[Aim of the exercise] Output the lines from the top of the entries below to the line with "在scenescriptte", both included, exactly and without pictures.

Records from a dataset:
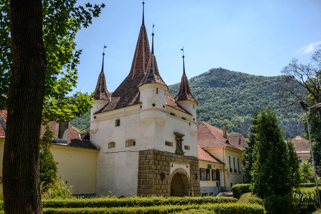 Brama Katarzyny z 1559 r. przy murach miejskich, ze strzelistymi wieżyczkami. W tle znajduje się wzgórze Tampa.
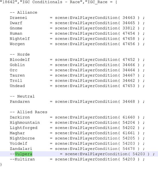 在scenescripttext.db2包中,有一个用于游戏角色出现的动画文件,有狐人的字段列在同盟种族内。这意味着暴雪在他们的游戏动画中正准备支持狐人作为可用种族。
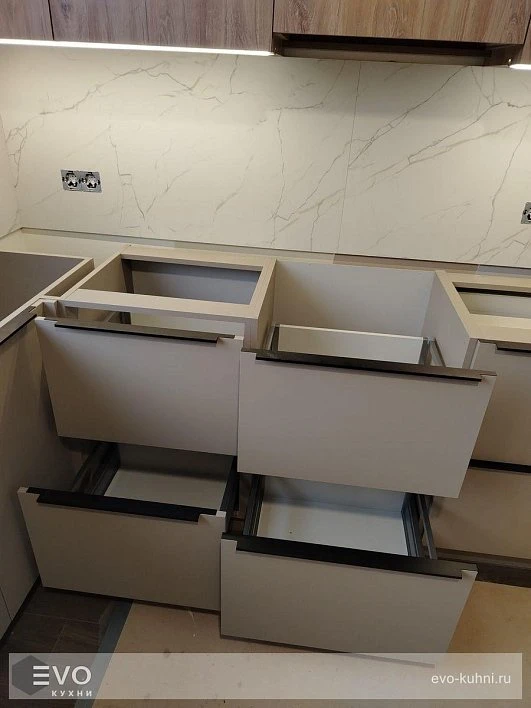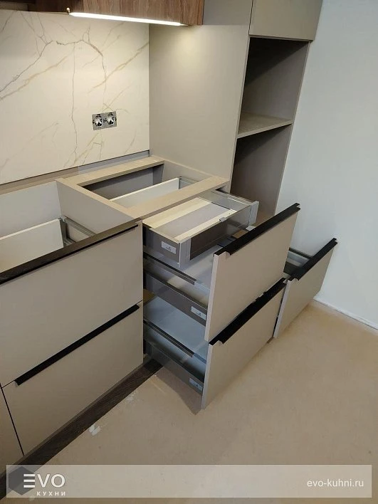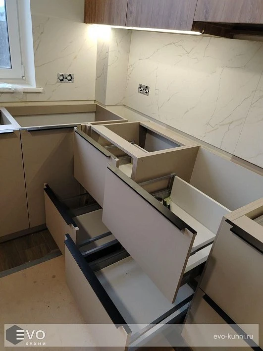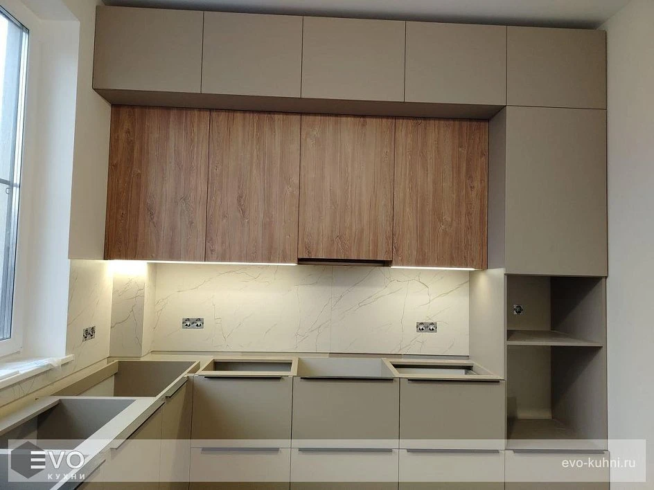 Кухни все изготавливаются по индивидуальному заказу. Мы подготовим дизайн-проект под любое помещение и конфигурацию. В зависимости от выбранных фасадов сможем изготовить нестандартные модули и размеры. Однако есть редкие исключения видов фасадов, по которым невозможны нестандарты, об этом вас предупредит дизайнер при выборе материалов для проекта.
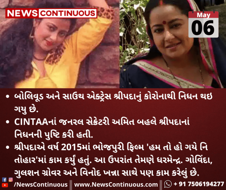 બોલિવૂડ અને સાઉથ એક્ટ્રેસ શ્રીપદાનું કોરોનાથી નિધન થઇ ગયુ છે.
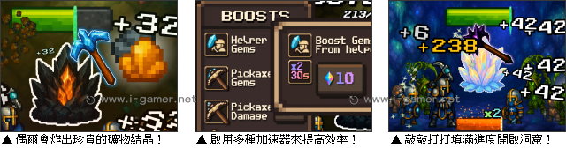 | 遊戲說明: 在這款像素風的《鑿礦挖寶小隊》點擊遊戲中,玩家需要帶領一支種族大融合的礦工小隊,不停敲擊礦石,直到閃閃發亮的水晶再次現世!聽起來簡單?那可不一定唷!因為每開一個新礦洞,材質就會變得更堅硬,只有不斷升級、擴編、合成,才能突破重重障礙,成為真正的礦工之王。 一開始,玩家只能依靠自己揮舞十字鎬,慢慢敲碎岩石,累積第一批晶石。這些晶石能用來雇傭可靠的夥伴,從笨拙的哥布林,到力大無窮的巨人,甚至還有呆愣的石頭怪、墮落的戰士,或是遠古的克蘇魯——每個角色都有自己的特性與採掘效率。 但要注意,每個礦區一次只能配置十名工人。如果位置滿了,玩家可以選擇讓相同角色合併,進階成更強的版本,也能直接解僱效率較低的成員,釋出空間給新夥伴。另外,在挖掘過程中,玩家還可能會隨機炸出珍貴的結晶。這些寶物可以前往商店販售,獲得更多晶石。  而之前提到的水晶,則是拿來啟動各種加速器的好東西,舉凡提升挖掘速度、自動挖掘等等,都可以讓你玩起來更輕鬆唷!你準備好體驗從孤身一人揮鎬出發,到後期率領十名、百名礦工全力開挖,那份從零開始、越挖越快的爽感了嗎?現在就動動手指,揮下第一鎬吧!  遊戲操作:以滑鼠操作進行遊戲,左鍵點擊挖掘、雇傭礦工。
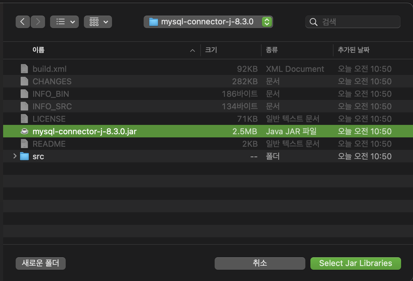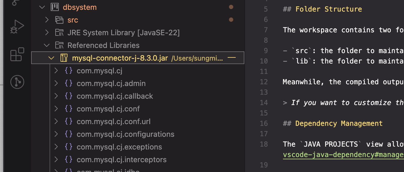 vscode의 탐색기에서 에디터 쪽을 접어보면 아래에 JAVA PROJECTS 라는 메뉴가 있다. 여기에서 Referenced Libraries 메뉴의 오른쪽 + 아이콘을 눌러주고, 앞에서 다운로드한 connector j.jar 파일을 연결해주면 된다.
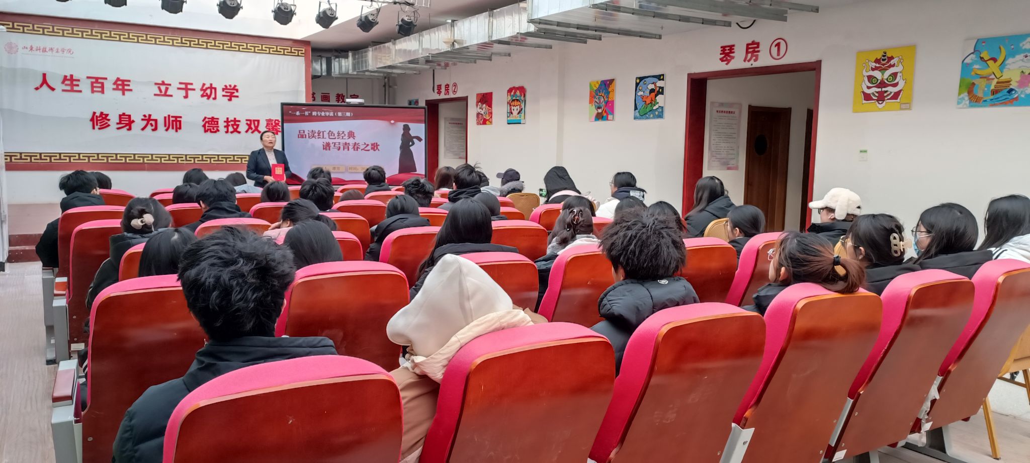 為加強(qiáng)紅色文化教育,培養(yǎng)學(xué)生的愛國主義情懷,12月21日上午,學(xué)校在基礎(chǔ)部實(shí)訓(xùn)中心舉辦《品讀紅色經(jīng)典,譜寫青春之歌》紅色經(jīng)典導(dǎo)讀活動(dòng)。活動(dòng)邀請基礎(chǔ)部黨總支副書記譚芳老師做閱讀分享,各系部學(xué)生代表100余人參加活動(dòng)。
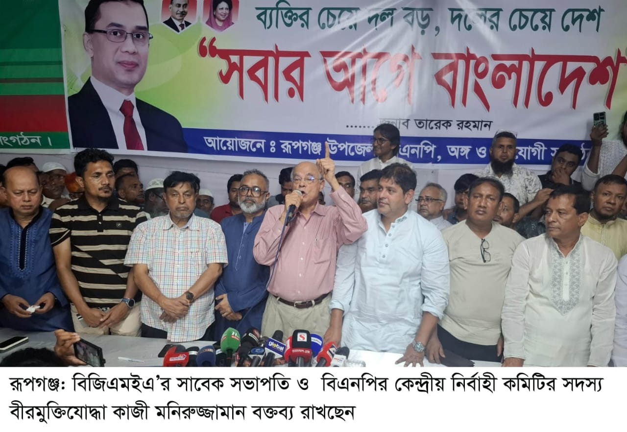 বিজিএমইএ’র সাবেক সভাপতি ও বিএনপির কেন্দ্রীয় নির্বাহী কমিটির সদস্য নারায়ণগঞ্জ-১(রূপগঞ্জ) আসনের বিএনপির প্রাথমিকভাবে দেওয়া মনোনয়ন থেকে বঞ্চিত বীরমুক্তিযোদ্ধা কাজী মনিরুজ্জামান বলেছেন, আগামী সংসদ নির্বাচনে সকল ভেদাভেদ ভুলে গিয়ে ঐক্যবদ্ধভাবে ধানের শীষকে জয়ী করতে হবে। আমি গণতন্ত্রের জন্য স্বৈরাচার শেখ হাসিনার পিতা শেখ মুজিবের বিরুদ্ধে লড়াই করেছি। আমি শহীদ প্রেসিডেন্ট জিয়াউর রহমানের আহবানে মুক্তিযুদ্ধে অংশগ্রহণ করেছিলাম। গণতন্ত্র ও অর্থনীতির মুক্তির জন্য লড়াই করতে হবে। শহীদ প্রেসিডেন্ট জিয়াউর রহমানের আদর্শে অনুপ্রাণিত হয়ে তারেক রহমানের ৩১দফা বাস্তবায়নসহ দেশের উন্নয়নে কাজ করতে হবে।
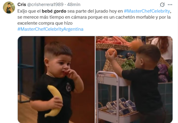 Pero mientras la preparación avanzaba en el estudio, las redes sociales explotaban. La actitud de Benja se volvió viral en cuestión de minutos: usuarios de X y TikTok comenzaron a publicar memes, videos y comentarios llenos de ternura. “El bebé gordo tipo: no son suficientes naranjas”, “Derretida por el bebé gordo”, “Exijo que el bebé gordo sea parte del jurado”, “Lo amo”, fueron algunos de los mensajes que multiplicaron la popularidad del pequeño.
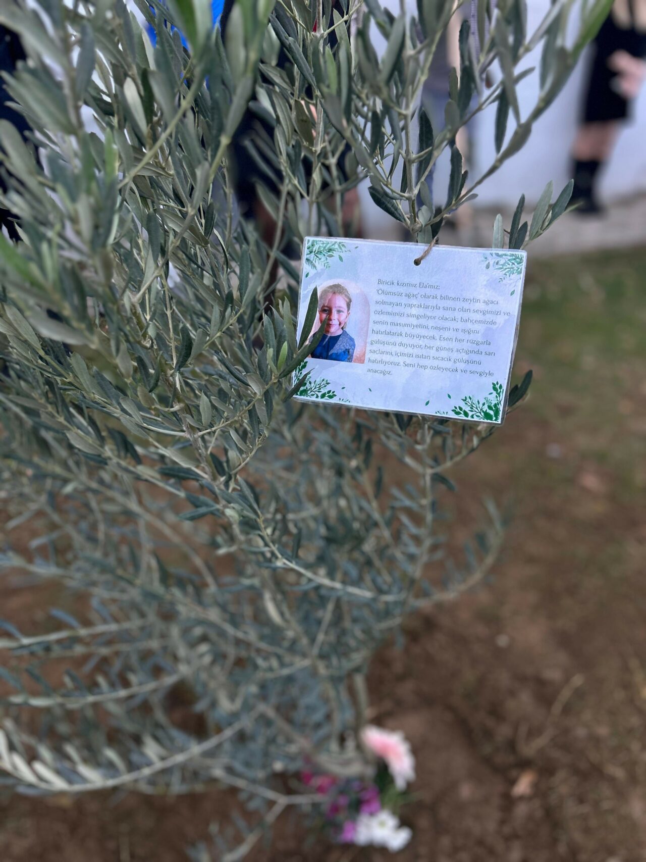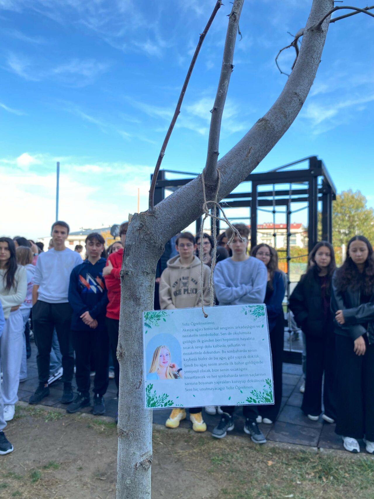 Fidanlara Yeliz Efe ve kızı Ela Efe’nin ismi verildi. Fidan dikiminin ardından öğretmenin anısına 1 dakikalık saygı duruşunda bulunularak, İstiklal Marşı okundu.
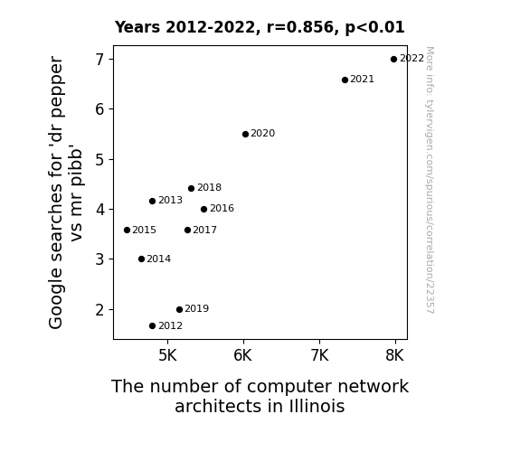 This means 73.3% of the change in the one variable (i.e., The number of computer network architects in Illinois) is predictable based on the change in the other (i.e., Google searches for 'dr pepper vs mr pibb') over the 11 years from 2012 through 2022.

[Result for this exercise]
 Brama Katarzyny z 1559 r. przy murach miejskich, ze strzelistymi wieżyczkami. W tle znajduje się wzgórze Tampa.
 在scenescripttext.db2包中,有一个用于游戏角色出现的动画文件,有狐人的字段列在同盟种族内。这意味着暴雪在他们的游戏动画中正准备支持狐人作为可用种族。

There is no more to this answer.